Теперь я знаю морские карты не хуже любого капитана дальнего плавания.
Я читал морские книги и руководства и должен вам сказать, что они прекрасны. Они пропитаны насквозь старинной поэзией моря, поэзией парусных кораблей тех времен, когда не весь земной шар был еще нанесен на карты.
– Это выше Пушкина, выше Толстого! – воскликнул он и стал рыться в кармане. – Здесь у меня есть некоторые выписки. Вот, слушайте:
«Вблизи Босфора, на рассветах, вода всегда очень чиста и прозрачна. Ночью море штилеет. Зимой шхунам трудно идти во внезапных туманах и нередко у этих берегов жестоком граде».
– Когда вы прочтете эти книги, – вы поймете, как еще молод и великолепен мир, – вот этот резиновый мяч, что вертится в небесном пространстве.
Да, в Одессе я выкинул к черту свои старые привычки, начал приучать себя к морю, к прохладе, к суровой жизни. Я часто спал на берегу, дрожал от дождя, обсыхал на солнце, ловил скумбрию и бычков и вообще вел жизнь, неподходящую для ремесленника и тем более для еврея.
Я сбрил свою выщипанную бороду и усы, загорел и курил уже не чахлые папиросы, а крепкую трубку.
С каждым днем все большая свежесть пропитывала мое тело. Я выбросил очки и подолгу вглядывался вдаль, приучая глаза к горизонтам. Моя ремесленная слепота стала уменьшаться.
Да что говорить? Достаточно, что женщины стали поглядывать на меня с любопытством, тогда как раньше мой вид вызывал только брезгливую усмешку или обидное равнодушие.

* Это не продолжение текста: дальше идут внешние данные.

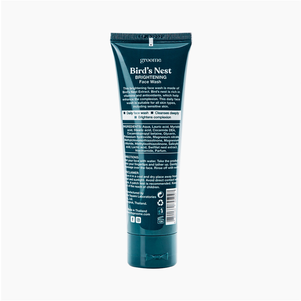 Groome Bird's Nest Brightening Face Wash is unique. Bird's nest extract is nutritious. This facial cleanser is thorough. It efficiently cleans dirt, oil, and pollutants. Gentle formula for sensitive skin. The skin feels smooth and silky. Regular usage improves skin texture. Reduces dullness and brightens skin. Skin is intensively hydrated by bird's nest extract. It keeps moisture for hours. This face wash fits all skin types. Parabens and harsh chemicals are absent. Dermatologist-tested for safety. This cream revives skin shine. Dead skin cells come off easily. Lightweight texture lathers nicely. It rinses clean. After using Groome Face Wash, you feel refreshed. Rich in vitamins and minerals. The substances heal and rejuvenate skin. It gradually diminishes fine wrinkles and dark spots. A calming smell enhances the experience. It relaxes and cleanses. Daily use yields noticeable effects. Preparing the skin for various skincare products. Brightening boosts confidence. It's essential for skincare. Good for morning and night. Packing is easy and portable. Regular usage prolongs its lifespan. The 100ml fits in your luggage effortlessly. Groome Face Wash rejuvenates. It also removes makeup. Eco-friendly and cruelty-free. Natural components make it safe. It hydrates skin instantly. Lightweight composition absorbs well. The skin stays moisturized for hours. Groome Bird's Nest Brightening Face Wash brightens skin. It improves skin look. The product suits dry and oily skin. Stops outbreaks and irritation. Cleansing regularly avoids blocked pores. Healthy skin benefits from thorough cleansing. Gentle exfoliation is ideal for everyday usage. Fresh, bright skin appears instantaneously. Try it now for noticeable results.

Даже жена однажды сказала мне: «Ты стал сам на себя непохож, Иосиф. Что сказал бы теперь кондуктор Игнатий! А?» – и весело засмеялась.
Она не понимала, что со мной происходит. Я нередко заставал ее за своим столом, когда она, наморщив лоб, просматривала мои книги. А у меня появилось довольно много книг – Лондона, Киплинга, Гамсуна. С непривычки я пьянел от них, как от водки.
Я работал немного, но зарабатывал неплохо. Каждый день приближал ко мне то, что я ждал, – белые полудни, зеленую средиземную воду, крепкие палубы кораблей.
Жена недоумевала, робко радовалась, неизвестно отчего плакала и все чаще жаловалась на боль в сердце. Но я был захвачен вихрем, дни текли солнечной чередой, и в их широте растворялась без следа вся моя боль. Я был слеп и глух ко всему, что пыталось вернуть меня к прежней жизни, к местечковым страданиям и радостям. На болезнь жены я не обращал внимания.
Однажды я вернулся с моря поздним вечером. Вы бывали в Одессе? Тогда вы должны помнить эти медные сумерки, когда акации сереют от пыли и в море лежит тишина.
В своей комнате я застал дикое скопище старых евреек: крикливых, кисло пахнущих перинами старух, которые лезут в чужую жизнь в самые страшные, требующие одиночества минуты.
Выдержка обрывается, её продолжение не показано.